The self exclusion register, created through Brazil’s centralized databased Sigap, will use the player’s CPF, or Individual Taxpayer Registration numbers. Gamers need to submit this number when they register at new sites, and at their first login each day, as well as every 15 days for active users. Outside the UK, Spain also has a self exclusion register, which was introduced with the major Spanish iGaming reforms this year.
Brazil’s Onshore Channelization
The self exclusion register will stretch out to all licensed and officially governed gambling sites, with the goal of creating a safer environment for gamers in Brazil. One of the core objectives of the SPA is to increase the onshore channelization and bring more players to licensed sites. They want to draw a clearer line on what sites are approved and which aren’t, and make it more difficult for users to access internationally regulated or gray/black market gambling operators.
Brazil has blocked domains belonging to offshore operators, cut off payment methods associated with these operators, and issued clearer fines and enforcement actions against these brands. The initial reports suggest it could be paying off for Brazil, with heightened onshore channelization, but time will tell whether the public will respond positively to the many reforms that have been rolled out – and the ones that are still yet to come.

How Brazil’s iGaming Will Look Like in 2026
By 2026, Brazil’s iGaming market will be virtually unrecognizable from what it was a few years ago. Suspending municipal lotteries will not make as much of an impact on the scene as what else the SPA has been up to, with heightened taxation, greater KYC and responsible gambling limits, limited payment options and a new minimum legal age for gambling, among countless other new laws. Everything is converging toward a fully unified licensing system, rather than having local Jogo do Bicho or municipal gambling sites that could potentially use the fragmented state laws to offer something different.
However constraining the laws may be on operators, Brazil is still a tremendous up and coming market, and so it won’t lead to a smaller field of brands. However, to meet the compliance costs and demands, operators may have to cut back on the quality of their products.

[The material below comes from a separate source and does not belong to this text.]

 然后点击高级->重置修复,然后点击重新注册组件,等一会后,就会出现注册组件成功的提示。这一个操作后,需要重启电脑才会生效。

Whether it is by cutting back on bonuses, increasing sportsbook juice, or just choosing online casino games that are cheaper to run – there will most likely be a few pinches in the near future.

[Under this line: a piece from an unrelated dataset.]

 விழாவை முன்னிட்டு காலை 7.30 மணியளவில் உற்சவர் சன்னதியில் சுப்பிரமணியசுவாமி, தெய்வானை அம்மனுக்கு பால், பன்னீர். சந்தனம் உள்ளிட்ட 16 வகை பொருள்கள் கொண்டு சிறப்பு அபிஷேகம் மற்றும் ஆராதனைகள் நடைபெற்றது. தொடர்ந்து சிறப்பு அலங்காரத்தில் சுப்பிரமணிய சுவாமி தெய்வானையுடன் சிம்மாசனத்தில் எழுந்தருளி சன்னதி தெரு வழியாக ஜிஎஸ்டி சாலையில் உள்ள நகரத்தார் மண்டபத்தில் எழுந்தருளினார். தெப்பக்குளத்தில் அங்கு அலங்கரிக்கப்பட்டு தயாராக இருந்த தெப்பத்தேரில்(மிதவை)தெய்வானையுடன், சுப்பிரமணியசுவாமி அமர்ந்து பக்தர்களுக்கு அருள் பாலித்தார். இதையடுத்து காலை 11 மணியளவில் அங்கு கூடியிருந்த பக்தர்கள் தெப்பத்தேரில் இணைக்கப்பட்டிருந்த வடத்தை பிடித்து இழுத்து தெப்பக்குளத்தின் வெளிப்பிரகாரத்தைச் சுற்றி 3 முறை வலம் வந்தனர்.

From a player’s perspective, there are lots of new variables to factor in. The limited payment options, taxation on higher winnings, enforced spending limits and tightened KYC may turn some off, and even if those don’t, the offering of licensed sites may fall short of what Brazilian gamers have been accustomed to up until 2025. With Brazil becoming one of the most structured, tightly regulated, and closely monitored gambling markets in the world, time will tell whether the reforms succeed or whether Brazil will need to continue tweaking laws to stop losing gamers to the unregulated channels.